Inhibition of Cys-Null RGS: Gαo interaction by RGS inhibitors

Biochemical characterization of RGS inhibitors for their ability to disrupt the cys-null RGS: Gαο PPI using AlphaScreen assay. Data represent the IC50 with the 95% CI in parentheses from n = 3 independent experiments, each with duplicate wells. Concentration-response curves are shown in Supplemental Fig. S2. All compounds from Table 2 were tested, and any compounds for which all cys-null RGS proteins exhibited >100 μΜ IC50 values were excluded from this table.

RGS14 is More Sensitive to Small Molecule Inhibition than RGS4.

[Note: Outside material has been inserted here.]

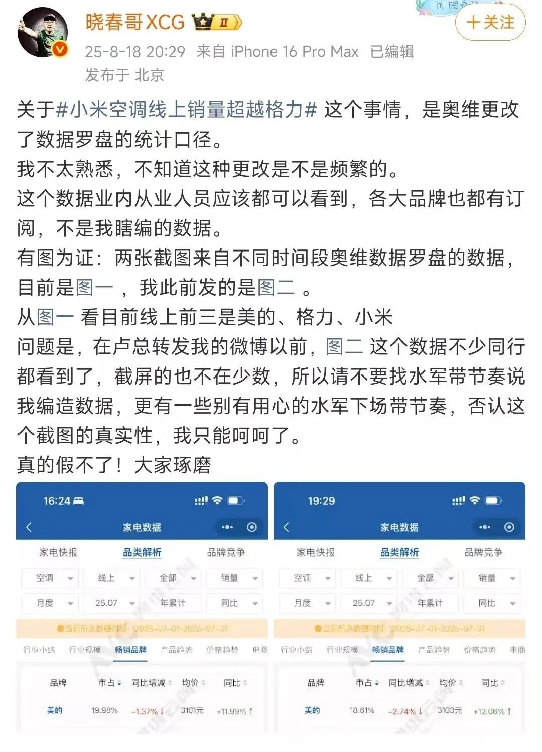 对此,卢伟冰转发信息的原博主“晓春哥XCG”回应称:“这个事情,是奥维更改了数据罗盘的统计口径。”

One of the most striking results of this investigation is that although each small molecule investigated (NEM excluded) was discovered as inhibitor of RGS4, 8 of the 13 were selective for RGS14 RH at the 95% CI, whereas another (CCG-62808) was equipotent for RGS4 and RGS14 at the 95% CI. One of these compounds, CCG-50014, was previously identified as one of the most potent RGS4 inhibitors found to date, with an IC50 of 30 nM (Blazer et al., 2011); however, the result of this investigation demonstrates that CCG-50014 inhibits RGS14 with an IC50 of 8 nM and is selective for RGS14 at the 95% CI.

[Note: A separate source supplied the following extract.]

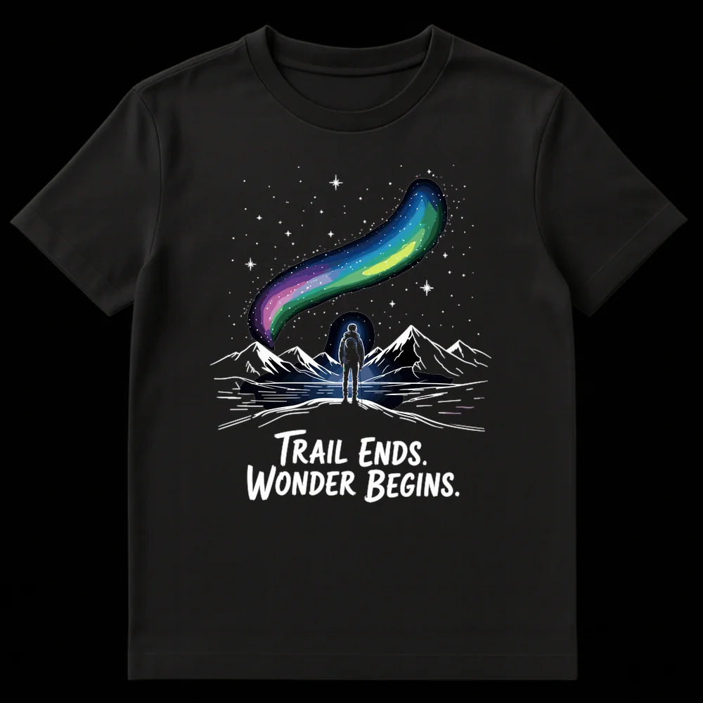 Embrace the magic of exploration with our “Trail Ends. Wonder Begins.” t-shirt. This design showcases a solitary hiker gazing at a breathtaking aurora-lit mountain landscape, perfectly capturing the awe of reaching a journey’s peak. It’s an ideal gift for outdoor enthusiasts, backpackers, and anyone who finds inspiration in nature’s grandeur and the cosmic unknown.

Several other compounds demonstrated moderate selectivity for RGS14 over other RGS proteins. For example, considering the UI series compounds, UI-5 was 10 times more potent for RGS14 over the next RGS, and UI-1590 inhibited RGS14 with submicromolar potency, whereas the next closest RGS was inhibited with low micromolar potency. In fact, of the 11 compounds that demonstrated inhibition of RGS14, only three (CCG-63808, CCG-4986, and CCG-55919) were not selective for RGS14 over all other RGS proteins. The apparent selectivity of these tested compounds for RGS14 is not a trait that is shared by fellow R12 family member RGS10, as only three compounds had calculable IC50 values for RGS10. This holds true for the R4 family as well, as 11 of 13 compounds resulted in calculable IC50 values against RGS4, whereas only one (CCG-50014) resulted in a calculable IC50 for R4 family member RGS18.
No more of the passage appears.